(Materials provided begins)

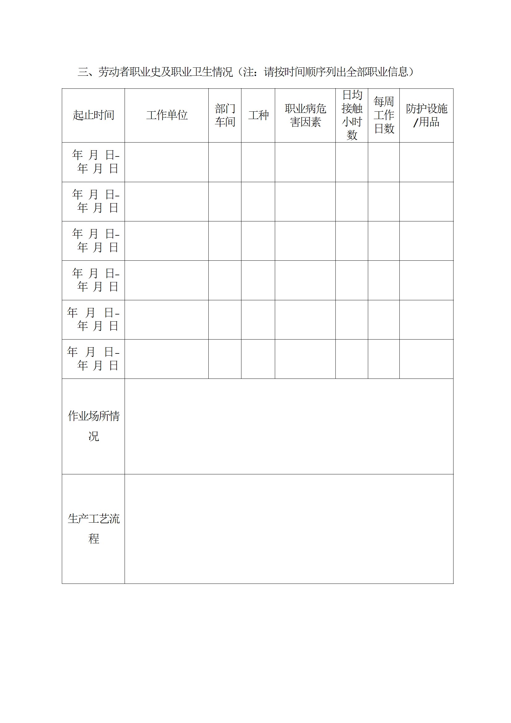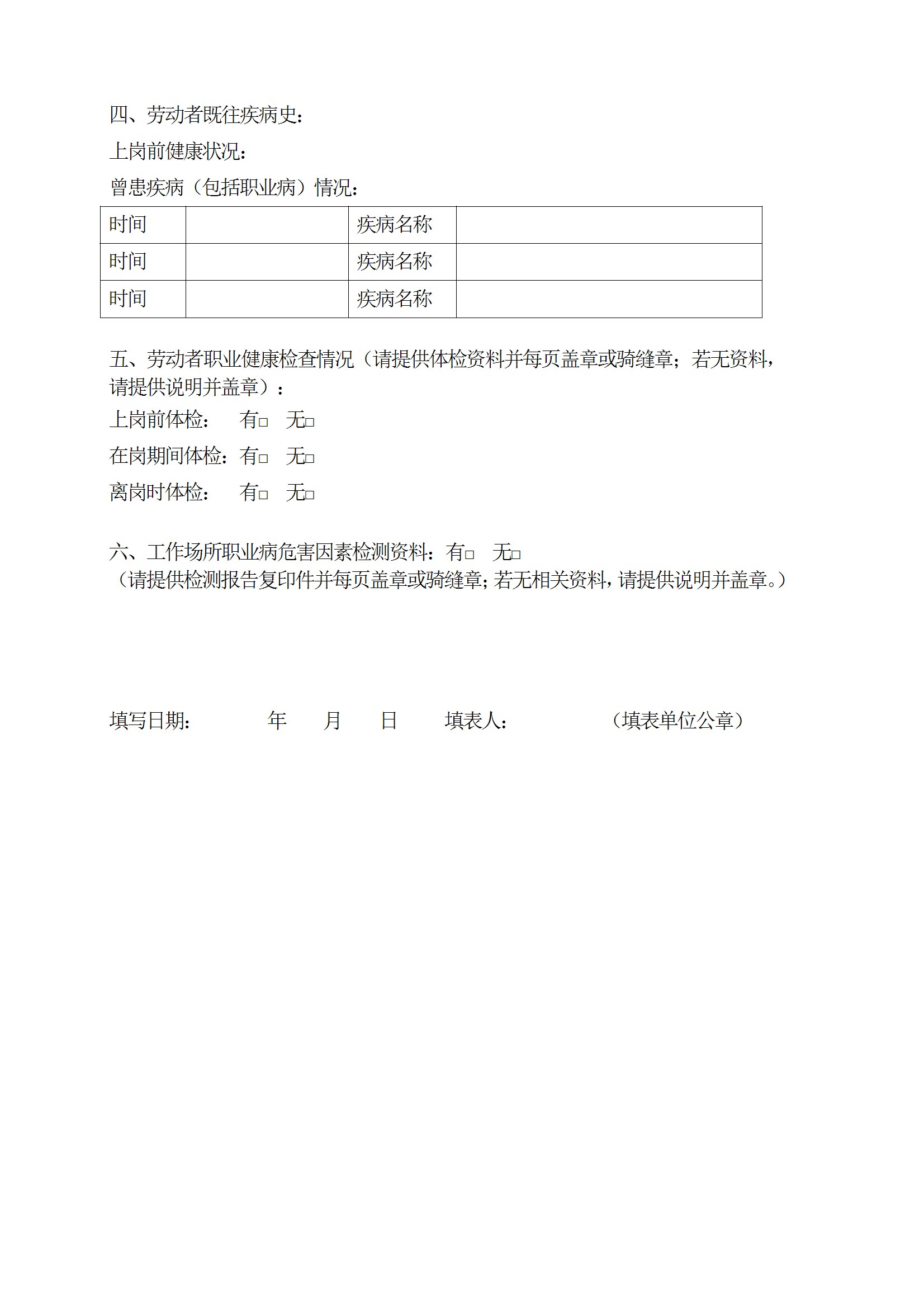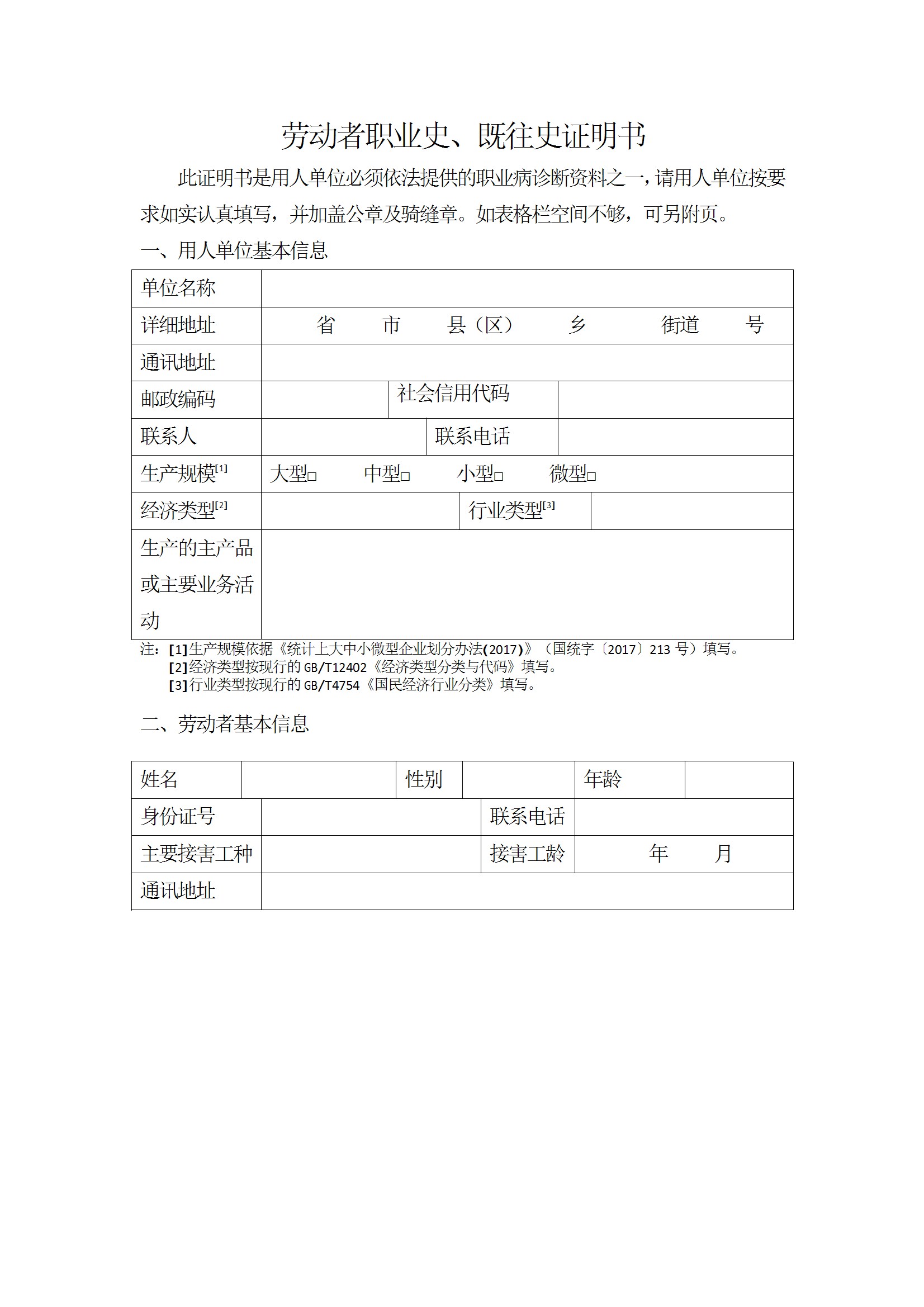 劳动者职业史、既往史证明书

(Materials provided ends)
(Materials provided begins)

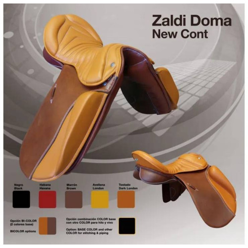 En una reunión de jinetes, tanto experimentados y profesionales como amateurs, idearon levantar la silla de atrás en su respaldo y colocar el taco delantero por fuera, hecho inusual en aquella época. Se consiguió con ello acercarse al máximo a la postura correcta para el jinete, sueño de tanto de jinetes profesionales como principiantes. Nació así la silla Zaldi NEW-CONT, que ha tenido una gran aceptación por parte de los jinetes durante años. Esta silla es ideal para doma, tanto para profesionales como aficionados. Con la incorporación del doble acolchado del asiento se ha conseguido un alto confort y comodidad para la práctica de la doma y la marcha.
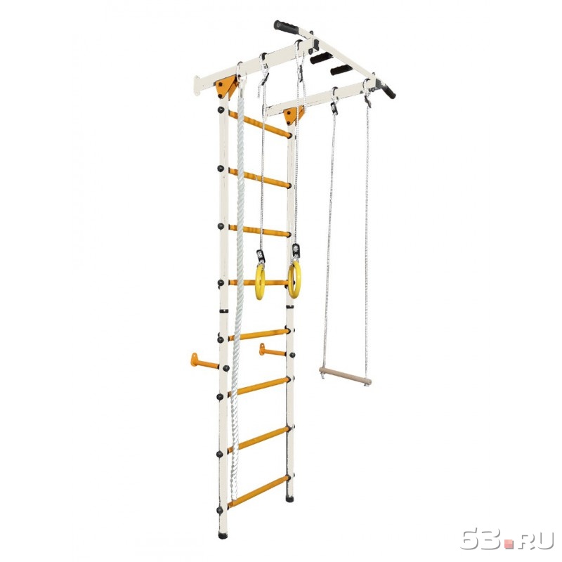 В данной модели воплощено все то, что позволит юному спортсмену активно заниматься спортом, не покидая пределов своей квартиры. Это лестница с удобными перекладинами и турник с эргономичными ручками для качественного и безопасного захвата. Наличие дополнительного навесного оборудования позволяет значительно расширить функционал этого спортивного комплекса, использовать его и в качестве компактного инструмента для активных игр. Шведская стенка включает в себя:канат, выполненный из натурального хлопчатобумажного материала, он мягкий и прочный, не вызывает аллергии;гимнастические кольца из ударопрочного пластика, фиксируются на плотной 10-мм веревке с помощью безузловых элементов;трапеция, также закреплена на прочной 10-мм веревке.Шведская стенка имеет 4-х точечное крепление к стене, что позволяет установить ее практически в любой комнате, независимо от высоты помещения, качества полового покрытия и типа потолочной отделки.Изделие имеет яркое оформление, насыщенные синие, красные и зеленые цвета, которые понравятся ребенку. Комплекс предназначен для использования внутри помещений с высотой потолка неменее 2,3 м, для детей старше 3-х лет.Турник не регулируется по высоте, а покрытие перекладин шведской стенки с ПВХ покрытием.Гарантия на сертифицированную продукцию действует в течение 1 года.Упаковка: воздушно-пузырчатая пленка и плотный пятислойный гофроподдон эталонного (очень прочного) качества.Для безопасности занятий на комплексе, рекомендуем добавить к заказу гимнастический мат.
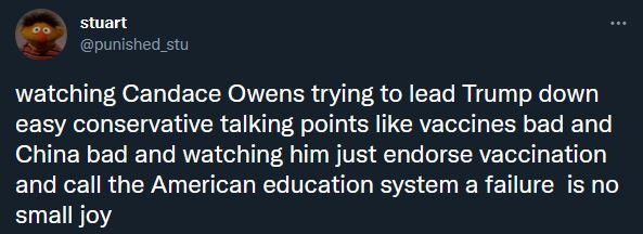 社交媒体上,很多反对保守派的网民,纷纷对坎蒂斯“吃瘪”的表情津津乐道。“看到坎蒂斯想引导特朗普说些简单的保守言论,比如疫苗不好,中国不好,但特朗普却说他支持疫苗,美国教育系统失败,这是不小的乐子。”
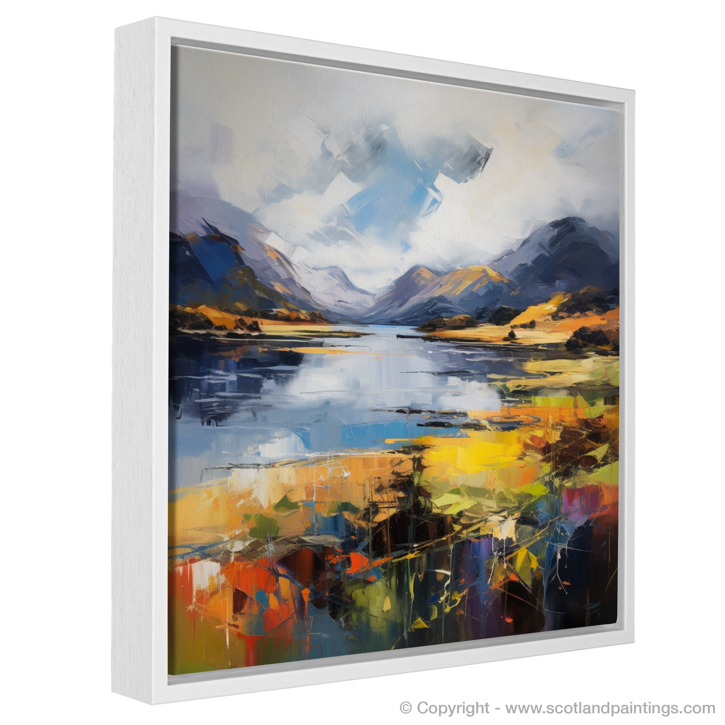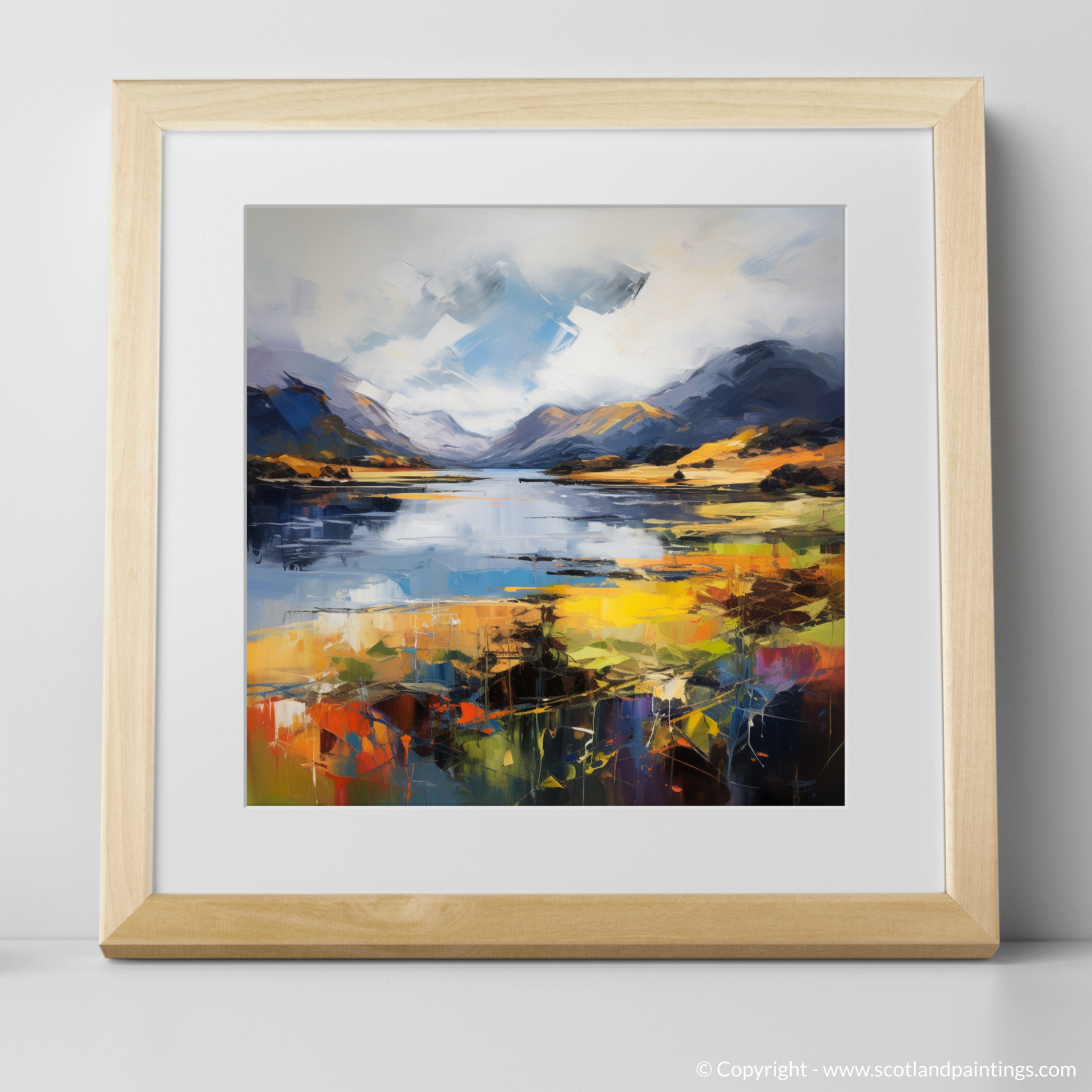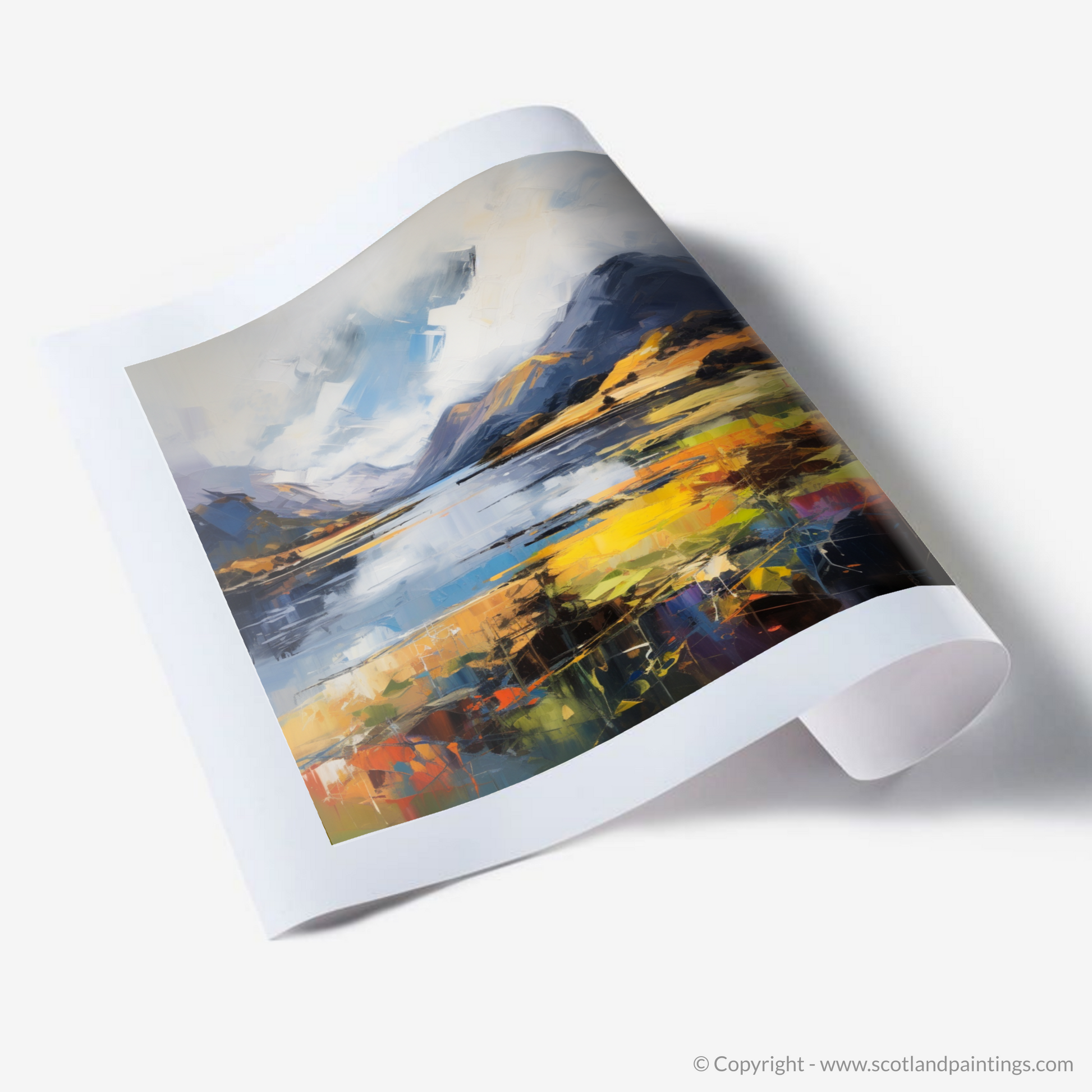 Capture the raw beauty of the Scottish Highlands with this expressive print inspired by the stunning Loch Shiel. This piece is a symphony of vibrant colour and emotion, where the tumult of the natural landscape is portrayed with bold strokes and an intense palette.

(Materials provided ends)
(Materials provided begins)

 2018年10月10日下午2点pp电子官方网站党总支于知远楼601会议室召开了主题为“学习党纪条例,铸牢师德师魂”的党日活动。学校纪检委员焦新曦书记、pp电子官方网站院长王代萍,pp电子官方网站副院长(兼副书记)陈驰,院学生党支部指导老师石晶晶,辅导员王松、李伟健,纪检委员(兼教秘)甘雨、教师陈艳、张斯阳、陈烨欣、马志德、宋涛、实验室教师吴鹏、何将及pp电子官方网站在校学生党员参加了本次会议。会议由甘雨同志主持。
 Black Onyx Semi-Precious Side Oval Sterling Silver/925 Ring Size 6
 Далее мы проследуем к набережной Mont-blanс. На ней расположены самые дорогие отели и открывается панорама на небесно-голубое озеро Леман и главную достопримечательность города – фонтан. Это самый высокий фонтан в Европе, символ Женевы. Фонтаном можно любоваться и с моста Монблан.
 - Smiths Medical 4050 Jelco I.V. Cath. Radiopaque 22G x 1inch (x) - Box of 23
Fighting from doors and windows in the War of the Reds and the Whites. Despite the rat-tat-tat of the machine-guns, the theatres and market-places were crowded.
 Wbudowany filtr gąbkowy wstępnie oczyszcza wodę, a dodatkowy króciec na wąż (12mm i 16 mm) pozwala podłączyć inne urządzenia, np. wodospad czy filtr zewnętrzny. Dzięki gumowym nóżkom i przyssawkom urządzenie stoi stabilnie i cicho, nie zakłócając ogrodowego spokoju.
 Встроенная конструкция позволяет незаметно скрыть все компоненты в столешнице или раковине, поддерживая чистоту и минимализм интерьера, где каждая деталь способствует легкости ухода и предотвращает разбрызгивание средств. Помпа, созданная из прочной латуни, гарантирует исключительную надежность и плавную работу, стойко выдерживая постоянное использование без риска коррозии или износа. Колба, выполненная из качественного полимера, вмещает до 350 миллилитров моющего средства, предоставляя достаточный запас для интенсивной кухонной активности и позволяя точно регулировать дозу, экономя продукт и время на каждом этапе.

(Materials provided ends)

**What the task asks:** What you return must be the lines above that run from the line with "Далее мы проследуем" to the line with "Wbudowany filtr gąbkowy", inclusive, each copied exactly.

**Answer section:**
 Далее мы проследуем к набережной Mont-blanс. На ней расположены самые дорогие отели и открывается панорама на небесно-голубое озеро Леман и главную достопримечательность города – фонтан. Это самый высокий фонтан в Европе, символ Женевы. Фонтаном можно любоваться и с моста Монблан.
 - Smiths Medical 4050 Jelco I.V. Cath. Radiopaque 22G x 1inch (x) - Box of 23
Fighting from doors and windows in the War of the Reds and the Whites. Despite the rat-tat-tat of the machine-guns, the theatres and market-places were crowded.
 Wbudowany filtr gąbkowy wstępnie oczyszcza wodę, a dodatkowy króciec na wąż (12mm i 16 mm) pozwala podłączyć inne urządzenia, np. wodospad czy filtr zewnętrzny. Dzięki gumowym nóżkom i przyssawkom urządzenie stoi stabilnie i cicho, nie zakłócając ogrodowego spokoju.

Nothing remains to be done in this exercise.